These remarkable images getting up close and personal with some of the more colourful and fascinating sea creatures are a photographer’s attempts to remind us to do more to protect the natural world.
Toni Bertran, 45, always wanted to dive as a youngster after being inspired by the work of Jack’s Cousteau, but his parents always thought it was too dangerous, and it wasn’t until he was 34 that he finally went underwater.
Since then he’s been a passionate diver and photographer, and in an interview about his work admitted being shocked at the degradation of the marine environment.
He said: “I wanted to create an account where those characters that are living there have some kind of a voice, something to tell us to maybe change the situation . . .”
Asked if there was a message in his mission, he said: “It´s not exactly a message, I´d like that people empathize with the subjects in my pictures. That is the reason I like portraits the most, because this is the way people can see facial expressions in marine animals just the same as in humans. And it is always easier to persuade people to care and get them involved in preserving something that they can feel empathy for, something that they can come to love.”
The diver and photographer, who lives in Barcelona in Spain, said a major inspiration for his pictures was the French diver and environmentalist Cousteau, not because of his style, but because of the intense love that he had for marine life.
But he said there were others that were both nothing and everything in influencing his work.
He said: “Everyone tries to imitate what he sees and what he likes. The final process (or maybe the beginning) of your own style starts when you try to make a bad copy of all those different references that you like, but then, surprisingly, you end up creating something that you don´t really know where it comes from but you feel more or less confortable with, that is what we call our own style.
“One clear inspiration is Cousteau from my childhood . . . but there is a lot of more. For example, I love Caravaggio or Giuseppe de Ribera’s paintings, so I think I tried to get those contrasted images and black backgrounds because of this.
“And the rest of the photographers I love have the same patterns of light. For example, in nature photography I really love Tim Flach, his portraits are the best and a great inspiration. And in underwater photography my great reference is Steven Kovacs, those aliens creatures are simply extraordinary.
“I hope someday I could take some pictures like theirs, but meanwhile, I´ll go on taking my pictures that I´m not sure from where they´ve come up from, but I feel confortable with.”
He added that one of the things that makes him most comfortable about what he does is that it’s not his day job so there’s no pressure, instead it’s his hobby and his passion and he can really enjoy it.
He added however that slowly he was hoping to combine passion with work saying: “Now we’ve started a new documentary about marine life and climate change with Ifeelms, our independent film company that I lead with Irene Caparrós, so this is my very first experience at taking pictures and making videos as a job.

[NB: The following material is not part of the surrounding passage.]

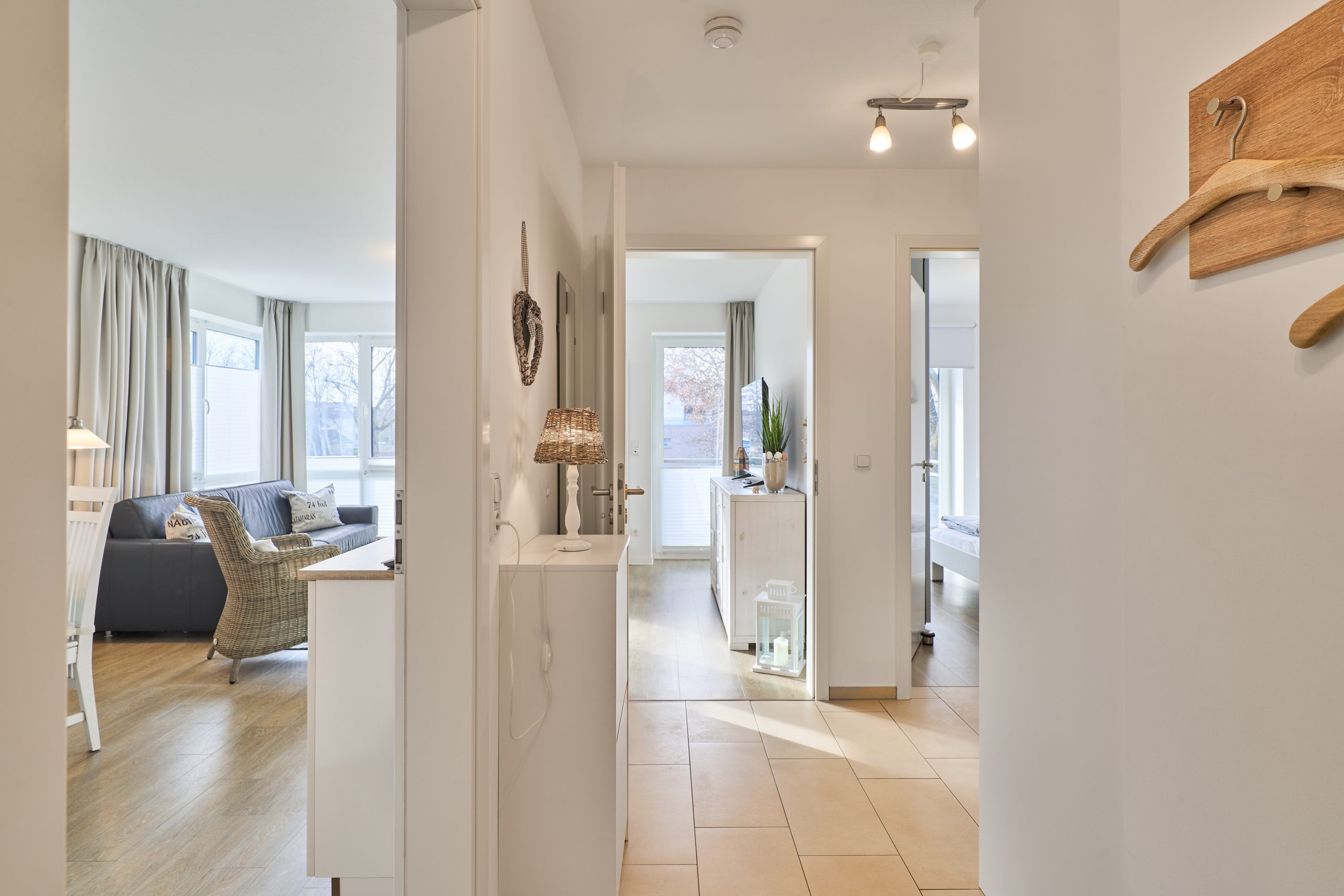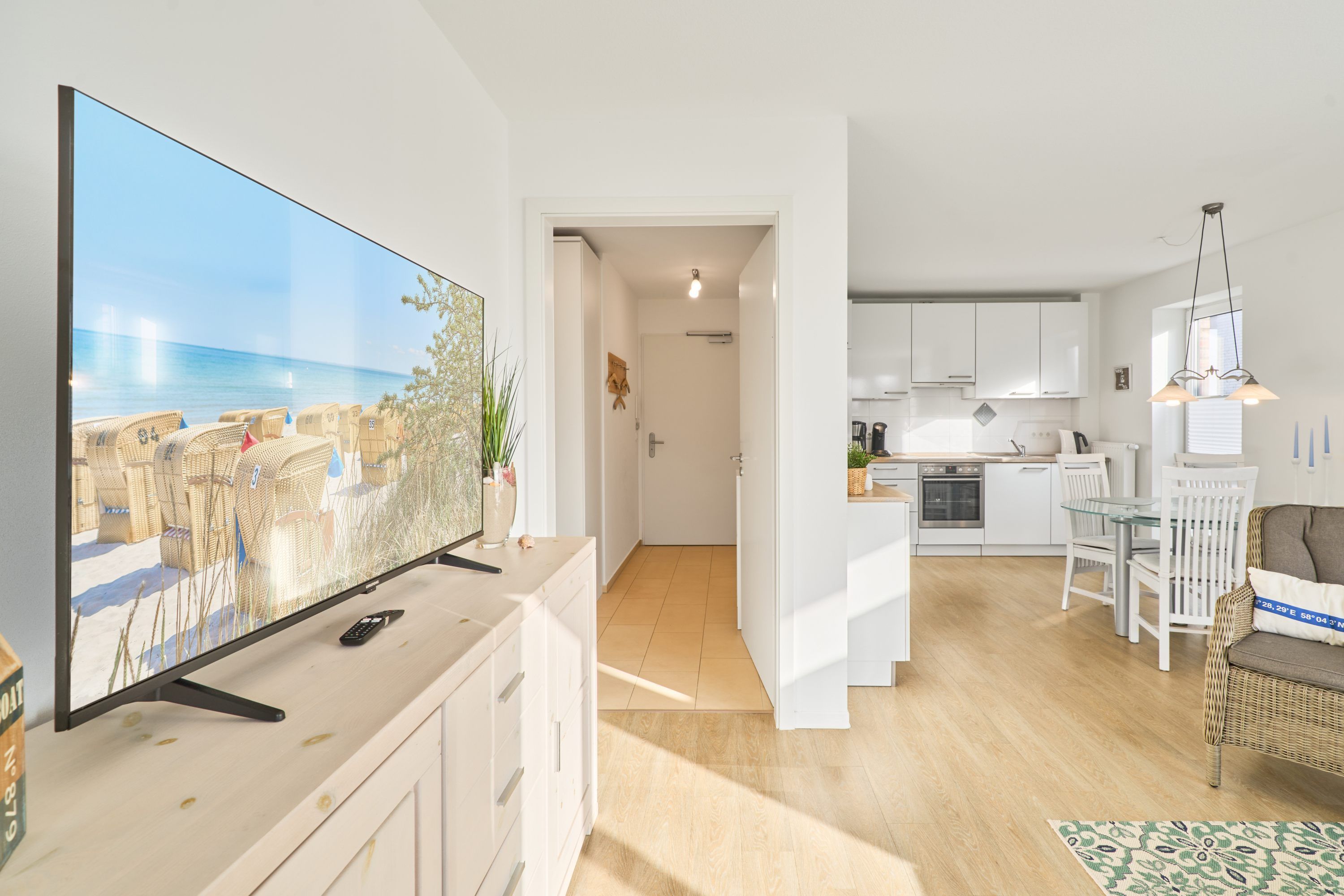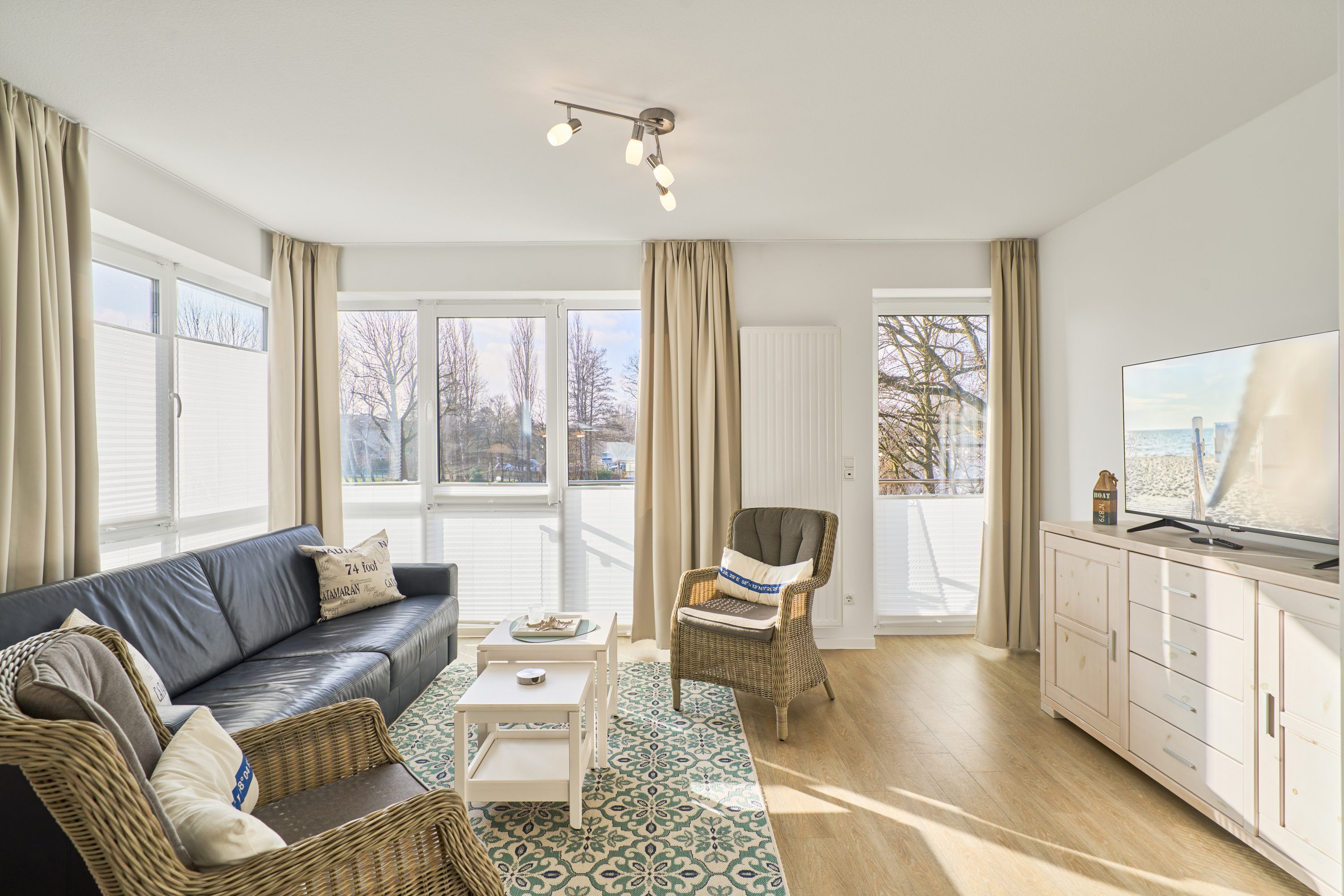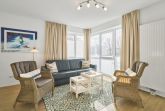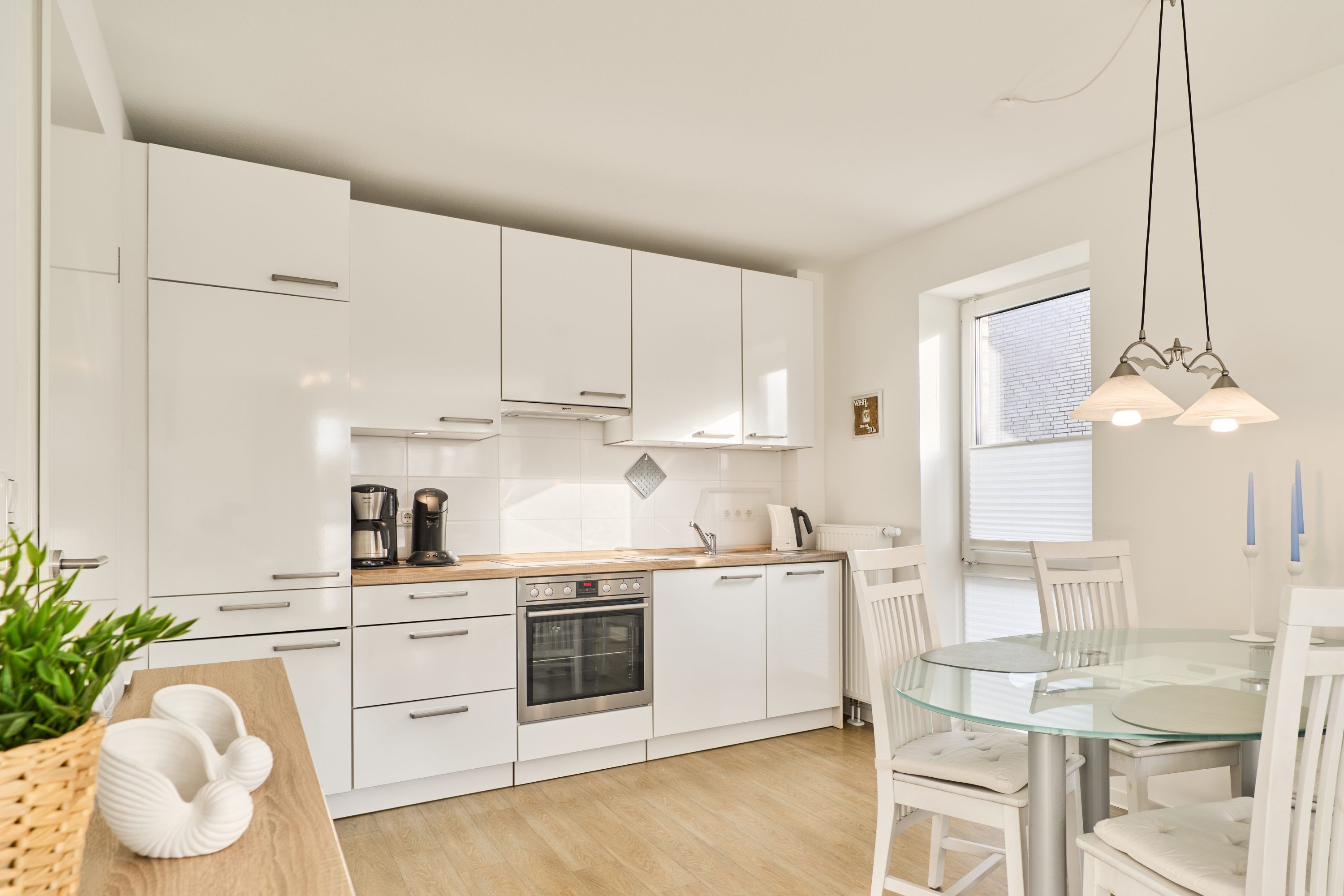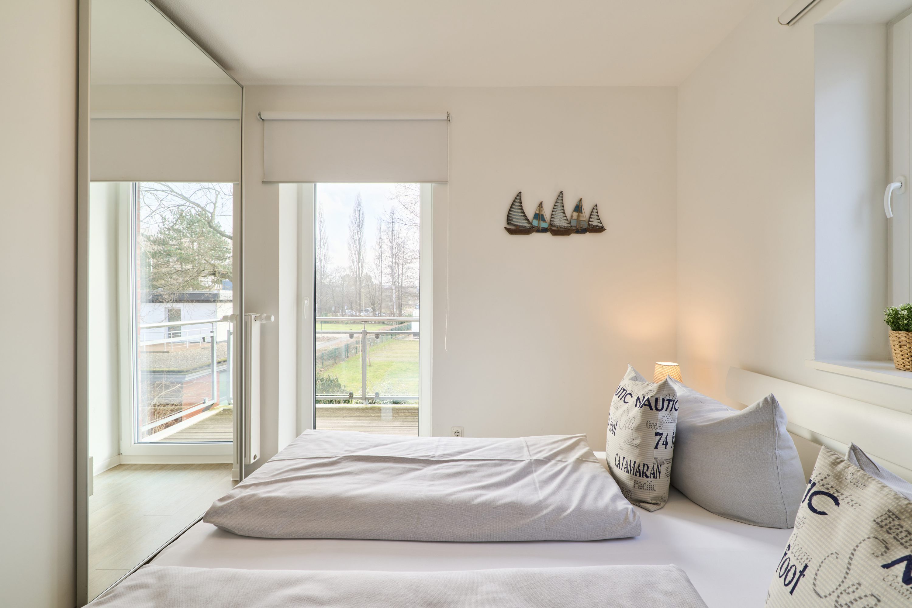 Die Ferienwohnung verzaubert mit ihrem, im maritimen Stil gehaltenen, Wohnzimmer und ist mit hochwertigen Möbeln eingerichtet. Es erwarten Sie dort eine bequeme Couch, 2 Sessel und ein Sat-Flachbildschirmfernseher. Die moderne, offene Küche ist voll ausgestattet und perfekt in den Wohnraum integriert. Ihnen stehen eine Filterkaffeemaschine, eine Senseo-Kaffeepadmaschine, ein Wasserkocher sowie ein Toaster zur Verfügung. Zudem verfügt die Küche über ein Cerankochfeld, einen Backofen und einen Geschirrspüler. Der Essbereich bietet ausreichend Platz für ein ausgiebiges Frühstück oder einen gemütlichen Spieleabend. Das helle Schlafzimmer ist mit einem Doppelbett (1,80 × 2,00 m) und einem großen Kleiderschrank ausgestattet und hat direkten Zugang zu dem Balkon.

“But until now my process was only to enjoy what I was doing. I used to dive in our coasts in the Mediterranean sea, which it´s not a place where you can find a big variety of life. For instance, it is not allowed to dive with big cetaceans here unless you have the government permission, in order to assure their protection, which I think is a good idea.
“So you have to learn where you can find your subjects, especially the tiny ones… you have to know where they live or how and what they feed on or where they reproduce to know where you could take the best pictures of them.
“I have to admit I´m not really as good as I’d like to be (in finding them), so I have some friends like Albert Colomé, David Ballesteros, Antuan Puertas or Manuel Armenteros who show it to me and I only have to take the pictures! It is very important to be surrounded by people that compliment you and share your same vision and passion.”
That means that for Toni, it is a passion that sends him into the water as often as he can.
He said: “I spend all the time I can! My last three Christmas I asked Santa Claus to give me some gills so I can live underwater, but I haven’t had the wish granted yet.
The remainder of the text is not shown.